**Supplied information**
Segment Open

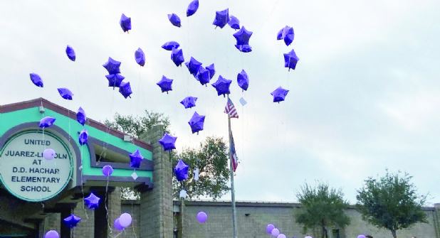 Los estudiantes de la Primaria Juárez-Lincoln están de luto por la pérdida de su compañerita Gia Sánchez, por lo que lanzaron globos al cielo como una forma de honrar a la dulce y extrovertida niña que siempre tuvo una sonrisa con hoyuelos para ellos.
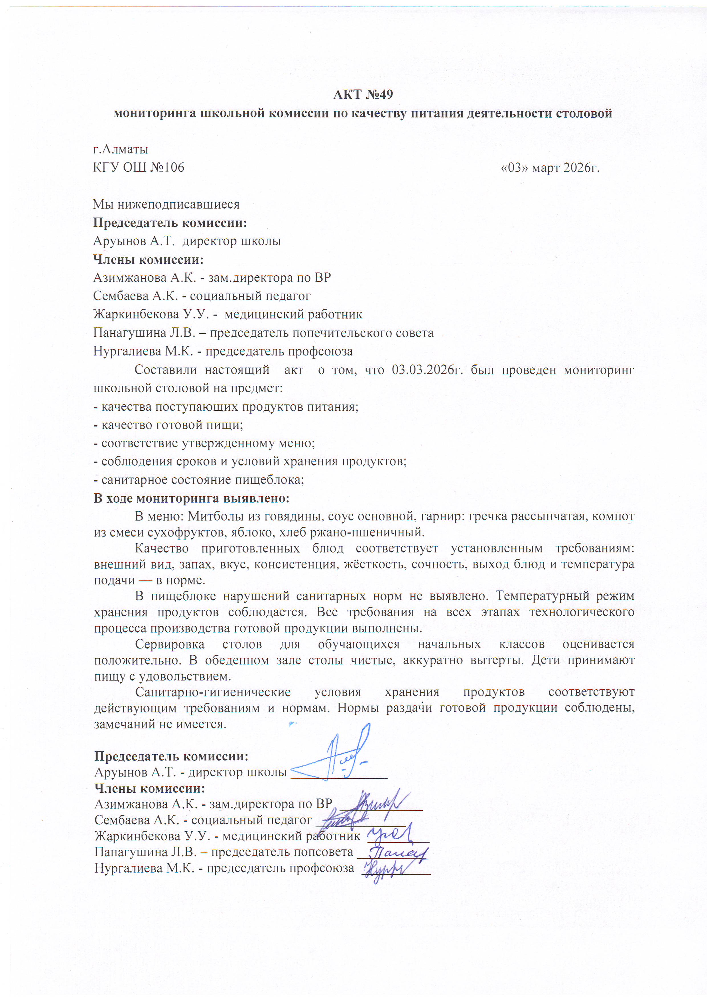 03 наурыз 2026 Асхана қызметіне тамақтану сапасы бойынша комиссиямен жүргізілген мониторинг актісі/АКТ проверки школьной столовой комиссии по монитерингу
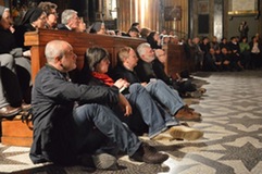 In ginocchio intorno alla tavola, lavando i piedi dei discepoli. È l’immagine di Gesù all’ultima cena descritta dall’evangelista Giovanni. Segno di un modo di esercitare il potere e l’autorità che provoca e critica gli atteggiamenti umani, segnati da una ricerca di sé chiamata a convertirsi in servizio concreto, dettato dall’amore.
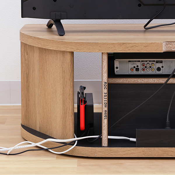 天板にも配線を通す加工があります。テレビなどの配線を後ろに通してすっきりまとめることが可能。背面には複数の電源コードをまとめられるようになっています。

Segment Closed

**Your instructions**
Except for the pictures, write the data out exactly.

**Task solution**
 Los estudiantes de la Primaria Juárez-Lincoln están de luto por la pérdida de su compañerita Gia Sánchez, por lo que lanzaron globos al cielo como una forma de honrar a la dulce y extrovertida niña que siempre tuvo una sonrisa con hoyuelos para ellos.
 03 наурыз 2026 Асхана қызметіне тамақтану сапасы бойынша комиссиямен жүргізілген мониторинг актісі/АКТ проверки школьной столовой комиссии по монитерингу
 In ginocchio intorno alla tavola, lavando i piedi dei discepoli. È l’immagine di Gesù all’ultima cena descritta dall’evangelista Giovanni. Segno di un modo di esercitare il potere e l’autorità che provoca e critica gli atteggiamenti umani, segnati da una ricerca di sé chiamata a convertirsi in servizio concreto, dettato dall’amore.
 天板にも配線を通す加工があります。テレビなどの配線を後ろに通してすっきりまとめることが可能。背面には複数の電源コードをまとめられるようになっています。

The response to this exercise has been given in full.